Other considerations for the technical build included: 

  • Off-chain governance process i.e. the voters need not directly interact with the blockchain (ensuring ease of access for members with limited or no experience with blockchains)
  • Leverage open-source DAO tooling with minimal custom coding
  • Utilize integrations offered by these tools as much as possible to connect all components together

The technical build was delivered and managed by XCapit, a UNICEF Venture Fund portfolio company specializing in Web3 products and services with a special interest in financial inclusion, social mobility and education around Web3.

Progress

The pilot kicked off in earnest at the end of 2023. Some highlights in one year of operation include:

  • 35 members in the community discussions forum
  • Representation from 12 countries and 4 regions
  • Public sector representation from UNICEF and International Rescue Committee, with input represented from government/ministry partners and UNHCR
  • Representation from Child Protection specialists, deployment specialists, technical specialists, system administrators and end users
  • 18 proposals were discussed, out of which 5 proposals were voted upon and executed
  • 5 voting members with representation from 1 non-UNICEF stakeholder
  • Revision and publication of code contribution guidelines aligned with the DAO

Learnings

The DAO was an effective advocacy platform for persuading apprehensive government partners to adopt Primero. One common obstacle for uptake when advocating for the use of digital public goods such as Primero is the perception of lack of product ownership, and specifically, limited opportunities to influence the direction of product development. The DAO successfully addresses this by i) demonstrating the product team’s openness to inputs on the direction of product development ii) providing means and incentives for in-country developers to learn how to contribute code to Primero.

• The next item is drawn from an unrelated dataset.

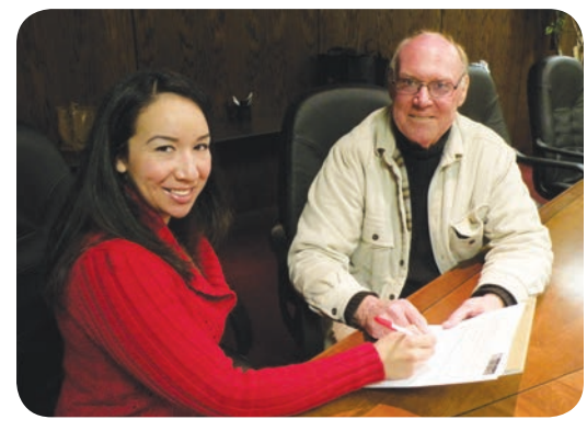
than what I asked for."

Here are some observations about specific aspects of the DAO:

  • Proposals without active facilitation struggled to gain momentum. Members were more comfortable surfacing issues informally than initiating formal proposals, suggesting proposal creation itself is a friction point.
  • Non-technical participants were slow to engage in forum-based discussions, indicating a need for stronger facilitation or more intuitive engagement tools.
  • Even participants with no prior blockchain experience were able to use wallets and vote with minimal friction.
  • Technical review discussions failed to gain traction on forums because teams already used GitHub; tighter platform integration would improve participation.
  • Limiting access to a non-tradable governance token (one token per voter to limit unauthorized delegation) in a closed group reduced risk and complexity during experimentation.

Outlook

  • A dedicated community manager is essential, but they need not be just one person; they could be rotated within the community sharing the load.
  • There is value in integration of the discussion forum (Discourse) with the governance forum (Snapshot) and the code discussions (GitHub), in order to get a clear audit trail of the workflow. Integrating discussions into existing communication channels could significantly increase visibility and participation. This would further reduce the administrative burden on the community manager.
  • Once the community is vibrant, experiment with Governance mechanisms which work best for Primero; beyond the basic voting strategy (YES/NO/ABSTAIN).
  • There is potential for the treasury to store multiple digital assets to make it more attractive for different groups of developers. Additionally, the treasury could be placed as a beneficiary in various sources of funding for public goods (such as GitcoinOctantOptimism retro PGF etc.)

This DAO experiment was inspired by popular DAOs around open-source software. The concept of a DAO can be extended to other activities beyond software as well, as the industry continues to develop these concepts.